Financial Highlights
€ millions
2014 adjusted1 2013
adjusted1 % change Revenue
5,670 5,065 +12.0%
Contribution from operations2
1,057 920 +15.0%
(% of revenue)
18.6%
18.2%
Operating profit
989 857
+15.4% Profit attributable to equity holders
642
603 +6.5% Earnings per share (in €)
3.05 2.87 +6.3%
Hubert Sagnières, Chairman and Chief Executive Officer of
Essilor, said: "The quickening pace of growth throughout the year
culminated in an excellent performance in the fourth quarter. Our
mission of improving lives by improving sight has expanded the
Company’s playing field and led in 2014 to transformational
acquisitions in the Photochromic, Sunwear and Online businesses.
While remaining focused on its core ophthalmic optics business,
Essilor is increasingly capitalizing on the interconnections
between all its activities and moving closer to the consumer in the
marketing of its brands and solutions. In a structurally expanding
ophthalmic optics market and with a more favorable currency
environment, 2015 promises to be another year of strong growth in
revenue and contribution from operations. Our teams are fully
engaged and energized about maintaining this momentum over the
medium term."
In a mixed economic environment, Essilor successfully deployed a
strategy of broadening its playing field, with the sustained
support of its original model of innovation and partnerships. In
2014, this process drove an increase in the Company's presence in
corrective lenses and in the percentage of revenue coming from
North America, to 45%, and from the fast-growing countries, to 22%.
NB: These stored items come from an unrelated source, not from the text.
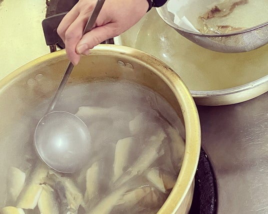 高級魚の鮎でとった出汁は、川釣りが盛んな湯沢市でその昔、淡水魚の漁をして生活する「川漁師(かわし)」が自分たちのために作っていた料理ですが、レシピ自体はあまりなく、今回当社では昔からの「口伝」の調理方法で再現して商品化を行いました。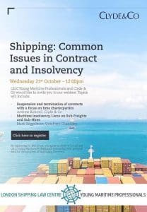 LSLC-YMP and Clyde & Co. Webinar – Common Issues in Contract and Insolvency – 21st October at 12.00pm by admin October 14, 2020 October 14, 2020 46 views 435 LSLC-YMP and Clyde & Co. Webinar – Common Issues in Contract and Insolvency – 21st October at 12.00pm Clyde & Co 0 comments 0 FacebookTwitterLinkedinEmail admin previous post RMT condemns attempts to sail the detained Ben Nevis from Aberdeen in flagrant breach of international maritime law next post Hot Port News from GAC You may also like Stephenson Harwood promotes eleven to partnership April 23, 2026 Blockade and Capture: the significance of M/V TOUSKA April 22, 2026 Fifth Circuit Court of Appeals Reinforces Bunker Suppliers’... April 8, 2026 Costas Mardas questions John Faraclas on the Strait... April 6, 2026 Invitation for LSLC’s event – The International Group’s... March 27, 2026 MAJ Engages Future Legal Professionals on Maritime Sustainability March 27, 2026 MAJ Engages Future Legal Professionals on Maritime Sustainability March 25, 2026 Reminder Invitation for LSLC’s event – Fuel EU... March 16, 2026 DOJ Issues Groundbreaking Corporate Criminal Enforcement Policy: What... March 11, 2026 Cancellation of War Risk Insurance in Gulf and... March 5, 2026 Leave a Comment Cancel Reply Save my name, email, and website in this browser for the next time I comment. Δ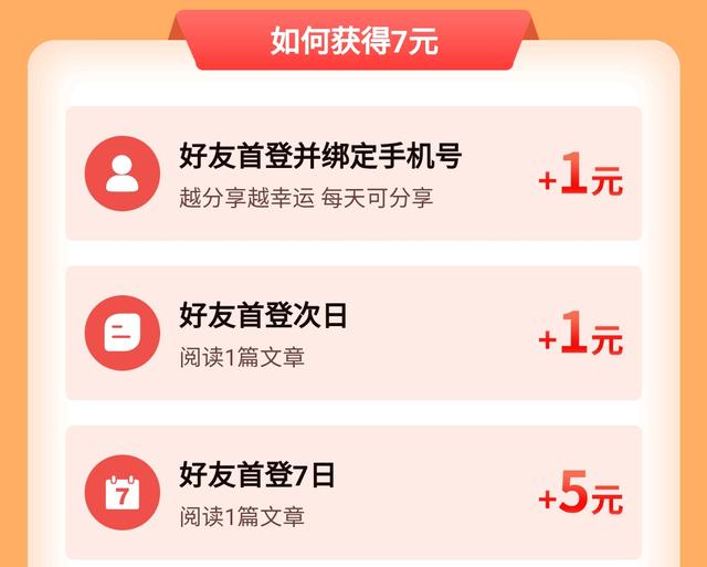 三步完成邀约任务拿到红包,你可能以为活动结束,但实际惊喜福利才刚刚开始。好友注册完好友后,如果完成阅读一篇文章,你可以额外获得1元红包;如果好友连续7天每天登陆凯迪网APP,并阅读完1篇文章,还能再获奖励5元。现在只需每天提醒一下好友,花两分钟吸收最热门新鲜的资讯,就能轻松赚取7元现金红包。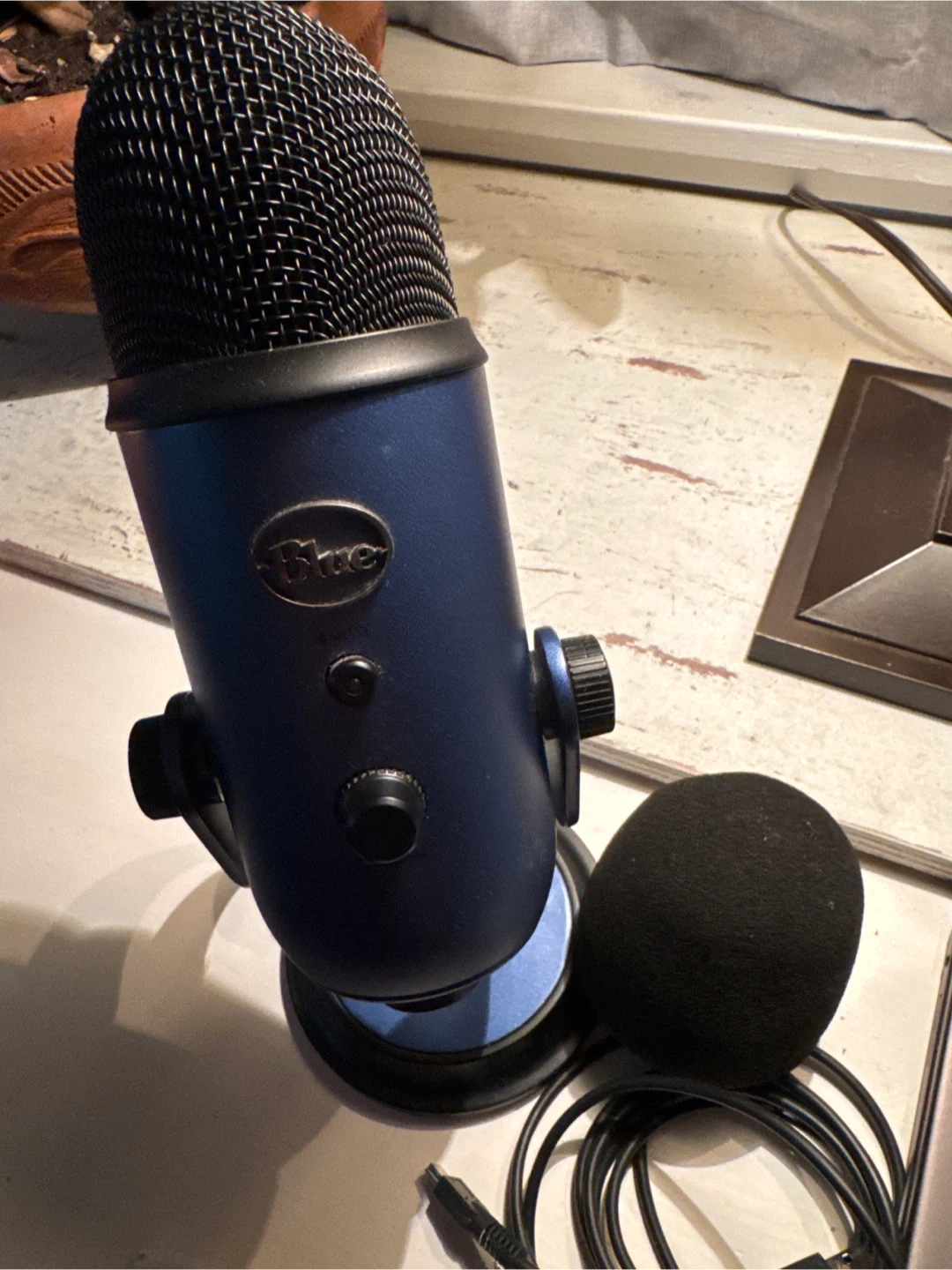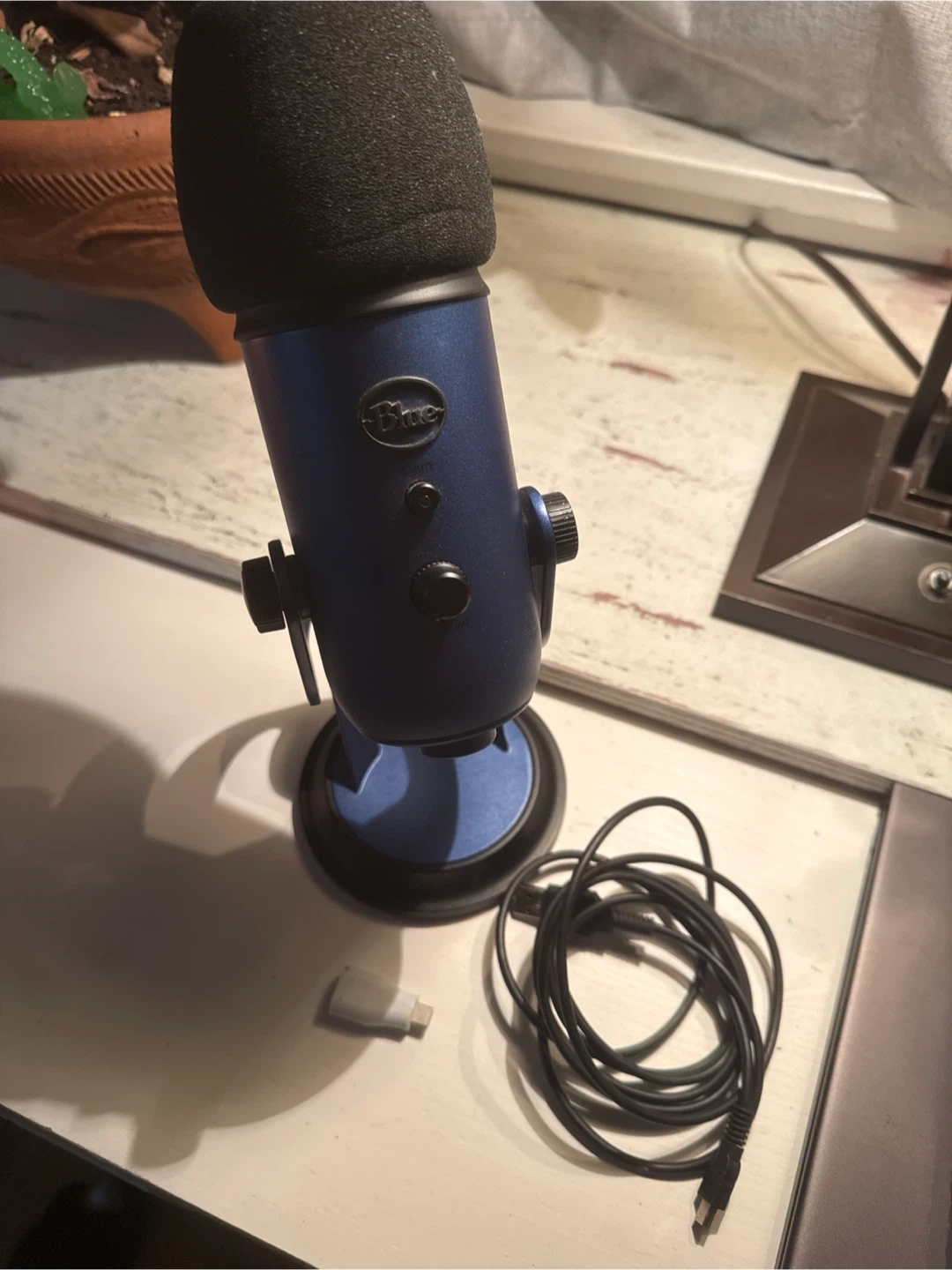 86Selling a Blue Yeti USB microphone in great condition! It comes with the microphone, USB cable, and a foam windscreen. Perfect for podcasting, streaming, or recording music at home. It's super easy to use and sounds amazing! Includes adapter tip for USB-C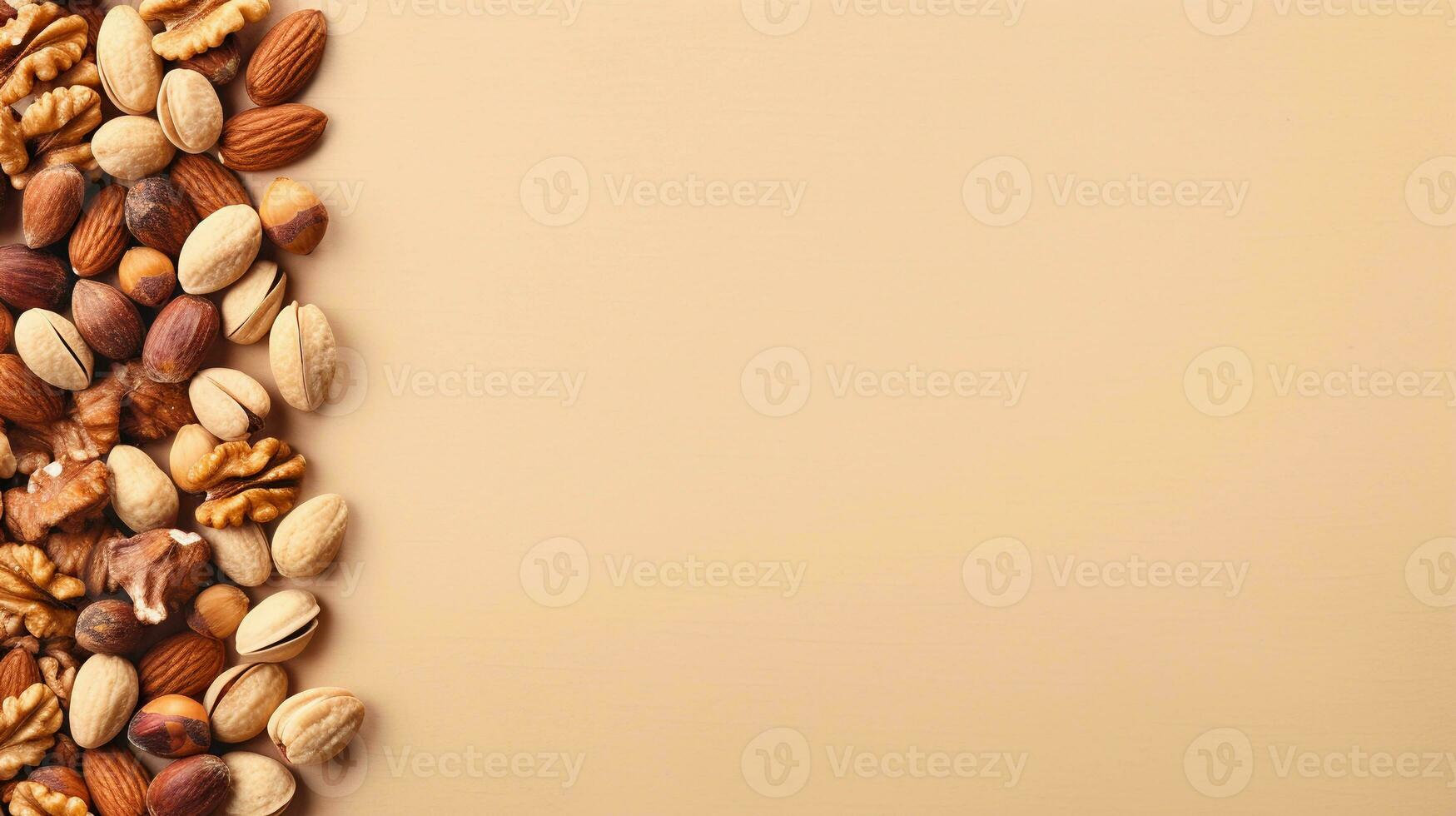 nuts on a light brown background with space for text on the side, background image, generative AI Pro Photo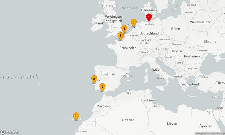 Die Reise beginnt am 08. November 2026 in Hamburg (Deutschland) und führt Sie vom 08. November 2026 bis zum 18. November 2026 (10 Tage) nach Gran Canaria (Spanien).
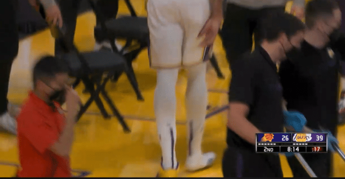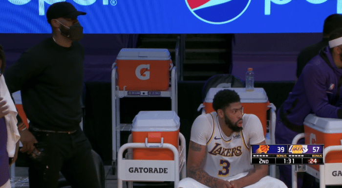 JRS直播讯 北京时间5月10日,湖人和太阳比赛中,詹姆斯坐在场边为队友鼓劲,浓眉延续火热手感,半场15投8中拿到22分5篮板1盖帽1助攻,在场正负值+17,浓眉把鞋都拼掉了;詹姆斯关心浓眉,多次走到浓眉面前和他互动,期待湖人双巨再次合体。

Essilor deepened its presence in the Photochromic segment by
completing the acquisition of the remaining 51% of Transitions
Optical – its largest acquisition to date – and in the Online
business with the acquisition of Coastal.com, a major e-tailer of
optical products. Essilor also developed a sunglass offering
combining the Company’s premium sunlens production expertise and
FGX International's distribution capabilities. The sunwear business
was also strengthened by the acquisition of the mid-range Bolon®
and Molsion® brands in China at the end of 2013, and of the Costa®
brand in the US performance sunglass segment at the beginning of
2014.
The 2014 results were also shaped by the following factors:
- The sustained success of the Company’s
innovations, including the Crizal®, Varilux® S series™,
Transitions® Signature™ and Xperio® lenses.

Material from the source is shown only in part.